Display the top 20 patterns

[21]:

for pattern in patterns[:20]: print(pattern)
(31322, ['mean_power: medium'])
(31322, ['mean_power: medium', 'peak_power: high'])
(31322, ['mean_power: medium', 'peak_power: high', 'trough_power: low'])
(25850, ['mean_power: medium', 'peak_power: high', 'trough_power: low', 'variance_power: high'])
(25850, ['mean_power: medium', 'peak_power: high', 'trough_power: low', 'variance_power: high', 'spikeness_power: medium'])
(31322, ['mean_power: medium', 'peak_power: high', 'trough_power: low', 'spikeness_power: medium'])
(5472, ['mean_power: medium', 'peak_power: high', 'trough_power: low', 'variance_power: medium'])
(5472, ['mean_power: medium', 'peak_power: high', 'trough_power: low', 'variance_power: medium', 'spikeness_power: medium'])
(25850, ['mean_power: medium', 'peak_power: high', 'variance_power: high'])
(25850, ['mean_power: medium', 'peak_power: high', 'variance_power: high', 'spikeness_power: medium'])
(31322, ['mean_power: medium', 'peak_power: high', 'spikeness_power: medium'])
(5472, ['mean_power: medium', 'peak_power: high', 'variance_power: medium'])
(5472, ['mean_power: medium', 'peak_power: high', 'variance_power: medium', 'spikeness_power: medium'])
(31322, ['mean_power: medium', 'trough_power: low'])
(25850, ['mean_power: medium', 'trough_power: low', 'variance_power: high'])
(25850, ['mean_power: medium', 'trough_power: low', 'variance_power: high', 'spikeness_power: medium'])
(31322, ['mean_power: medium', 'trough_power: low', 'spikeness_power: medium'])
(5472, ['mean_power: medium', 'trough_power: low', 'variance_power: medium'])
(5472, ['mean_power: medium', 'trough_power: low', 'variance_power: medium', 'spikeness_power: medium'])
(25850, ['mean_power: medium', 'variance_power: high'])

Results and Analysis#

Association Rule Results

  • Association rules reveal which feature categories often occur together or imply each other.

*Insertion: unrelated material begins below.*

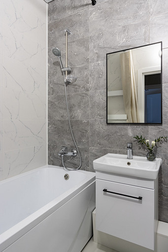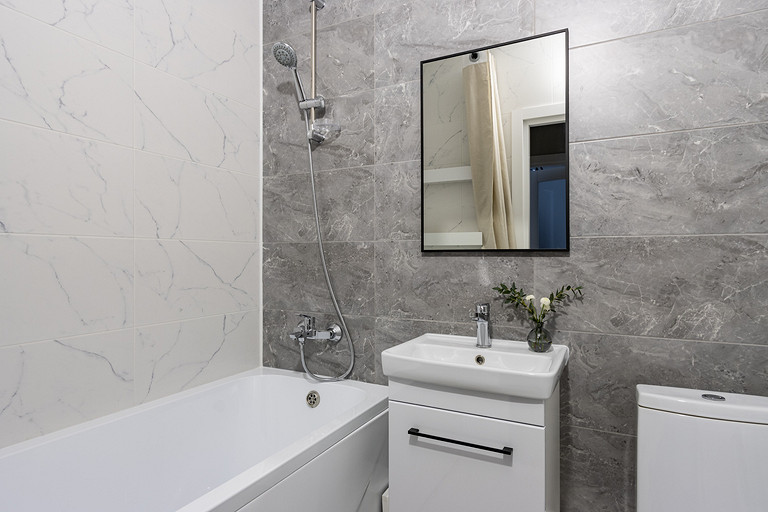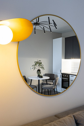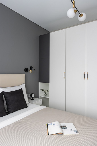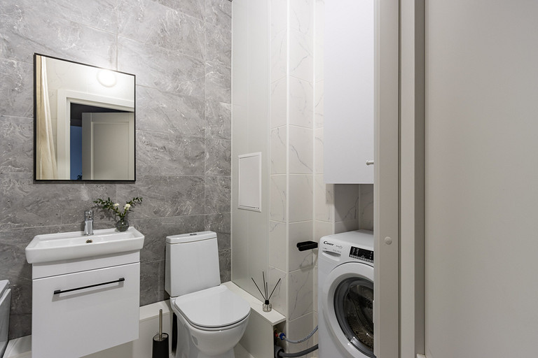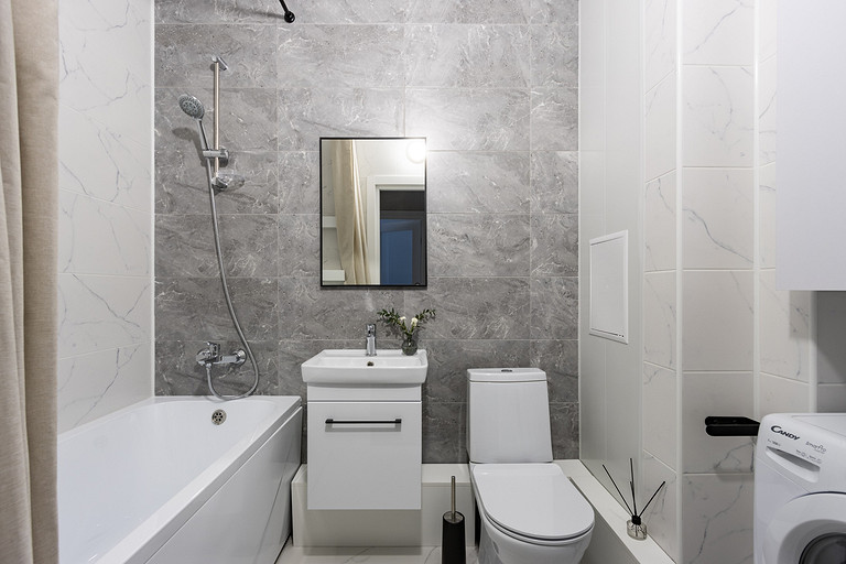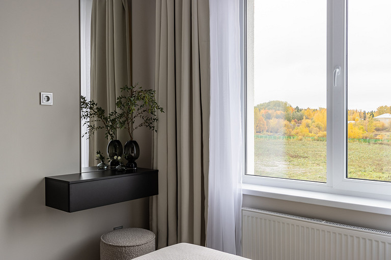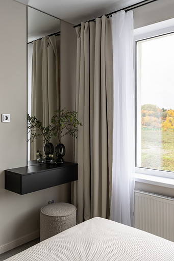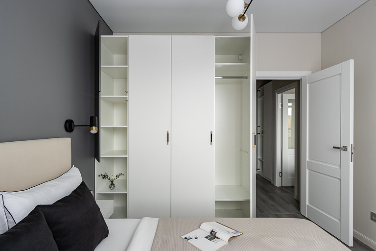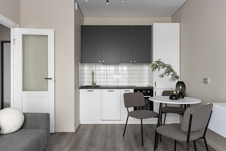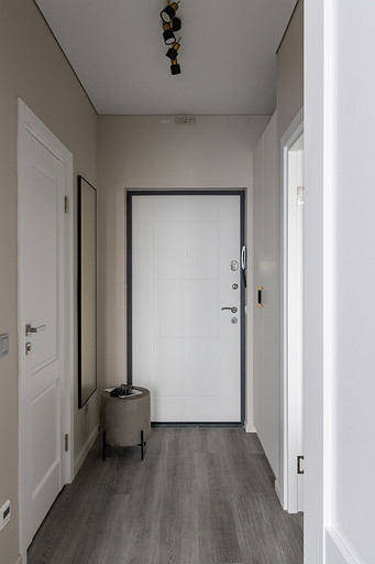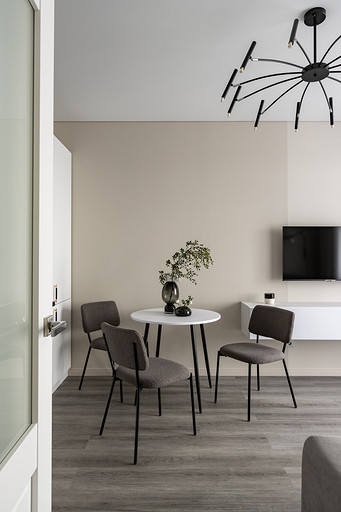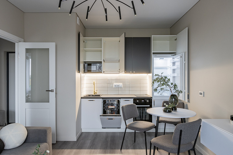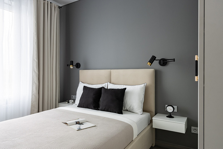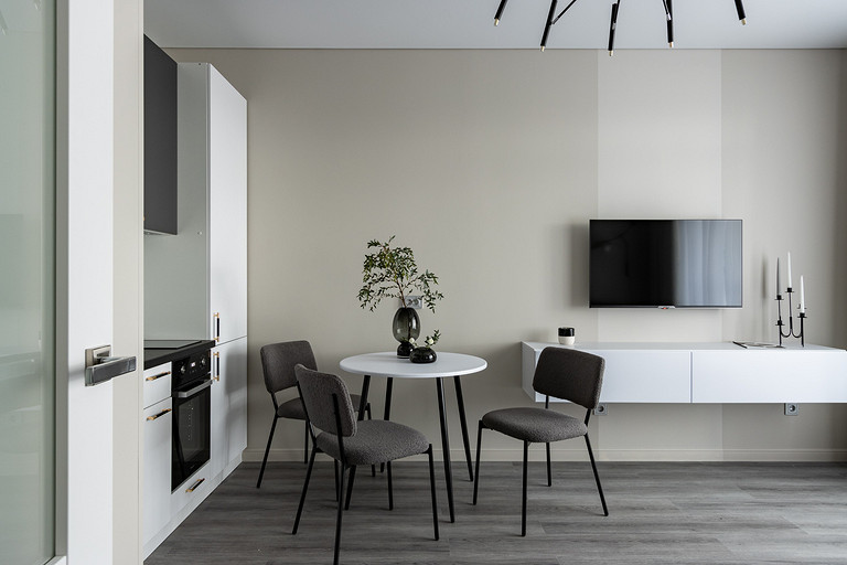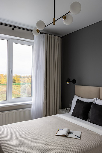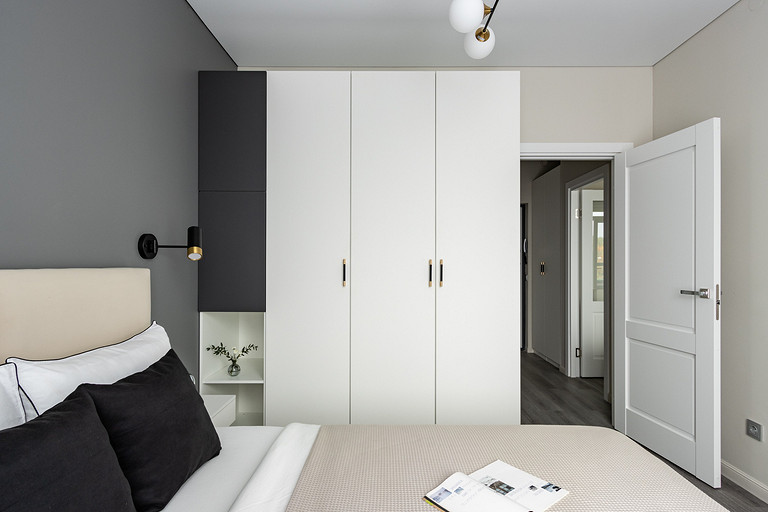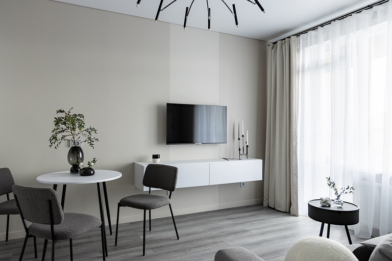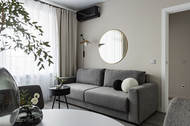 Передо мной стояла задача подготовить квартиру к долгосрочной аренде. Выбор пал на серо-бежевую гамму, а за счет графичных темных элементов, разного по текстуре текстиля (букле, велюр) интерьер не выглядит пресно и скучно. В квартире отделка от застройщика, которую доработали в части переноса электрики, замены плинтуса, покраски стен. В проекте использована модульная мебель (кухня Виват, шкафы Хофф), остальные предметы преимущественно с маркетплейсов, эффектная люстра и бра в кухне-гостиной — Алиэкспресс. В кухне-гостиной, площадью 15 кв.м, удалось разместить гостиную зону с большим диваном и кухню со всей необходимой техникой. А в спальне 11 кв.м. большой шкаф, кровать с матрасом 140 см и туалетный столик.

  • Key metrics such as support, confidence, and lift are used to evaluate the rules.

Sequential Pattern Results

  • Sequential patterns show the most common sequences among feature categories, helping to identify temporal dependencies and trends.

Conclusion#

  1. Association Rules:

  • Apriori successfully identified frequent itemsets and meaningful rules.

  • The rules provide insights into co-occurring feature behaviors.

  1. Sequential Patterns:

  • PrefixSpan uncovered frequent temporal patterns, which can be leveraged to understand the sequence of events in the data.

This approach demonstrates the power of feature engineering and pattern discovery for time-series data.